Wednesday, February 06, 2008

Its the Narrative, stupid

I was flipping between local coverage of the weather last night and national election coverage. The Republican narrative was typical, except they keep praising Huckabee for taking five states yesterday, ignoring the fact that he won Bible Belt states where the voters look like him. Huckabee has a couple more wins left in him in the South, Mississippi, Kentucky, North Carolina, Louisiana, and probably a caucus or two, but thats it. Romney is dead in the water unless a miracle happens. YEAH, we get to face...McCain.

More important was the coverage of Hillary. I am now pulling for Hillary mostly to be a contrarian, although I think she would be a stronger leader. Its funny that she is being criticized for being steadfast and refusing to change when the same commentators have being praising Bush for the last eight years for doing the same.

But now to the point, Russert, who apparently can't stay up late to cover anything, pointed out this morning that 2/3 of Hillary's donors are maxed out. More importantly, the next seven races heading into March 4 are going to go for Obama probably 7-0, maybe 6-1. They are caucuses and primaries in states with high African-American populations that decidedly favor Obama. Hillary is going to have to win Ohio and Texas on the fourth of March. No matter what the coverage for the next few weeks is going to be pro-Obama. Get ready, we are going for a brokered convention.

4 comments:

Sean Braisted said...

I am now pulling for Hillary

That was fast.

They are caucuses and primaries in states with high African-American populations that decidedly favor Obama.

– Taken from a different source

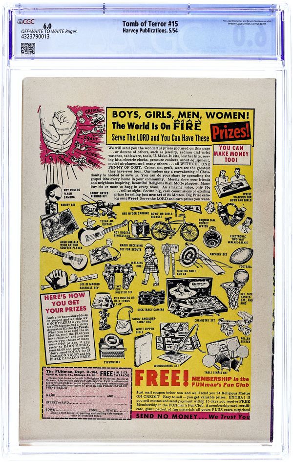 Cover by Lee Elias. Stories and art by Manny Stallman, John Giunta, Bob Powell, Howard Nostrand, and Jack Sparling. Tomb of Terror was one of Harvey Comics' notorious pre-Code horror comics. A scientist's evolving machine turns him into an advanced being, until he takes it too far. The series continues its trend of offbeat horror stories with a Western version of the classic Don Quixote. A man murders his brother....too bad they were Siamese twins. Evolution; Terror; The Story of the Witch/The Hand Behind the Head; Don Coyote: A Boo of the Month; Tale of Cain; Blind Alley; Terror Tricks; Gambling Fever. 36 pages, full color. Cover price $0.10.

Nebraska, Washington State, and Maine?

Also, Cardin won the Maryland primary over Mfume...so simply being black isn't a guaranteer of success in that state.

Steve Steffens said...

Ahem, remember, JON wrote this post; I am still with BO....

Obama made sure that this won't be decided before Denver, and that's a GOOD thing...

Jon Carroll said...

I guess I should I left out a comma or a word choice. I meant to say primaries and also states with high African-American populations.

Being black isn't a guarantee, but it certainly does help, you cannot argue that. Cardin-Mfume is just you fishing for an example to prove your point.

Take South Carolina, I said this immediately after the election, Bill didn't cost Hillary the election there. She was already going to lose, Bill just made the differential greater by around 7-10 points. What it did do is cost her in Georgia, Alabama, and Tennessee, and will cost her in Maryland, Virginia, DC, Kentucky, Ohio, Pennsylvania, and Louisiana.

Sean Braisted said...

Jon,

No doubt black voters identify with Obama, just as she has an inherent base with white women. But I think Obama showed yesterday that he can do incredibly well in some very white states.

I think some of the difference is, Hillary's lead was in Democratic strongholds who lived like kings under the Clinton administration, whereas many of Obama's wins were in states who saw the negative effects that the Clinton name had on the down ticket races.